A relic from the thigh bone of St Bernadette will go on tour to every diocese of Britain in autumn this year. The Shrine of Lourdes offered to bring the relic, and the bishops of England and Wales accepted. And so, in a reversal of the normal order of things, the object of pilgrimage to the Pyrenees for so many people is coming here. Many people who would normally have visited Lourdes were deterred by the pandemic; now they need simply visit their nearest cathedral. This is a really welcome visit in what we hope will be post-pandemic Britain. 

The popularity of the shrine at Lourdes is extraordinary. It is of course associated with miracles of healing in the waters which sprang up where Bernadette dug in the ground at the instruction of the apparition. Yet there is more to its appeal than the recovery of the sick. There are replica Lourdes grottoes in parishes across the country – there is something about this particular apparition of the Virgin to a young peasant girl that captures the imagination. The words of the Virgin to Bernadette Soubirous – “I am the Immaculate Conception” – were mysterious to the young girl, but they helped cement a relatively new dogma of the church in the minds of many of the faithful. 

The tour of the relic will probably be scandalous or just weird to secularists, for whom the concept of relics is mildly distasteful; Catholic veneration for the body parts of the saints is incomprehensible to many non-Catholics, but it is a profoundly human impulse. It would be all to the good if the visit could make us think again about the sheer strangeness of the phenomenon of Lourdes. The image of the apparitions in the grotto at Lourdes is in a way misleading; it shows a mature woman appearing to a young girl.  

In fact, Bernadette told of a young girl, perhaps 12 years old, appearing to her as a dazzling white figure: someone more mysterious, less aloof than the statue appears. Bernadette was, as Fr Allan White writes in this issue, an utterly insignificant figure, who could not speak proper French but the local dialect, whose father had been in prison and who was about to start gathering wood and bones for burning when she saw the first apparition. There were 18 of them in total, all but one during Lent and Easter. And before Bernadette uncovered the spring, she first had to dig in the mud for its source – she was told to bathe in the spring, which did not yet exist. 

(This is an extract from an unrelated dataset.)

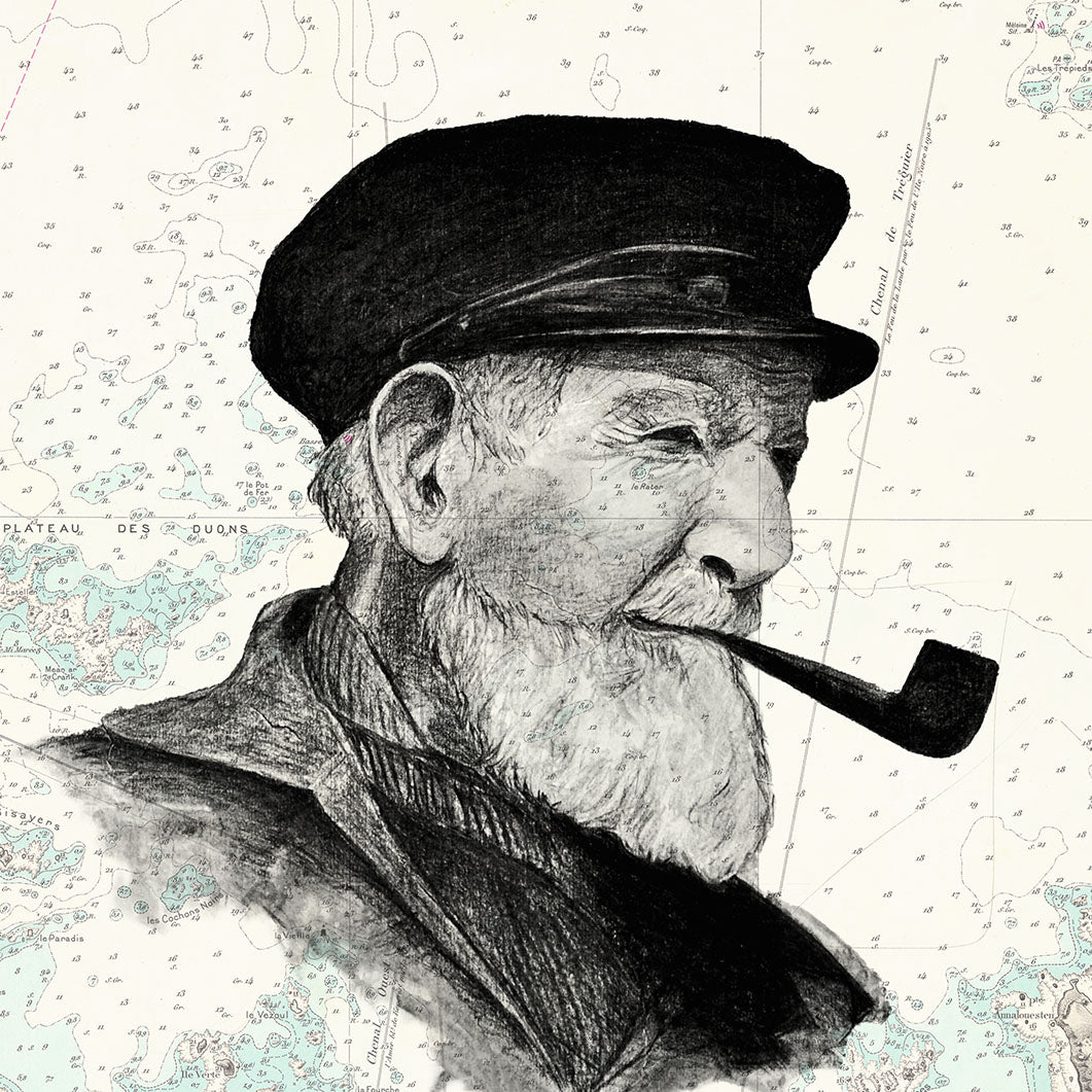Reproductions éditées à 30 exemplaires, numérotées et signées, de cartes marines anciennes de Bretagne (Baie de Morlaix, de la pointe de Bloscon à la pointe de Primel) illustrées au fusain d'un portrait de marin.

St Bernadette has become one of the best beloved Catholic saints and yet another, like the children of Fatima, from a lost group: poor rural peasants – a kind that has almost vanished from France – who had little schooling. Over the history of salvation, God has very often seemed entirely indifferent to our social, educational and intellectual distinctions – we have just celebrated the way that the angels in heaven announced the birth of Christ to shepherds with whom Bernadette might have been at home. If we are snobs, God plainly is not. And the apparitions of the Virgin to a little girl from this background was and remains a corrective to our scale of values. 

The relics of the saints are profoundly valuable to us: they close the gap between then and now, between, in this case, the apparitions of 1858 and the radically different circumstances of 2021. St Bernadette’s thigh bone is a way of bringing us physically and spiritually close to the tangible reality of this saint, whose virtues were simplicity and obedience. 

Our age is not unique in being sceptical about both relics and belief in their efficacy, and the miracles of Lourdes. The shrine at Lourdes was not very old when the secularist novelist, Emile Zola, visited and treated everything he saw with corrosive scepticism in his subsequent book, which did in fact not do justice to the phenomenon he described. There have been miracles of healing at Lourdes, which Catholics attribute to the intercession of the Virgin and to the mercy of God, and secularists put down to, at best, the power of auto-suggestion. Yet the discarded crutches are there for visitors to see still – the lame walked, as Christ promised. 

We must hope that the relic of St Bernadette will be much visited, whether or not it effects miracles of healing. If it restores some hope and self-confidence to a rather battered Church, that in itself will be something of a miracle.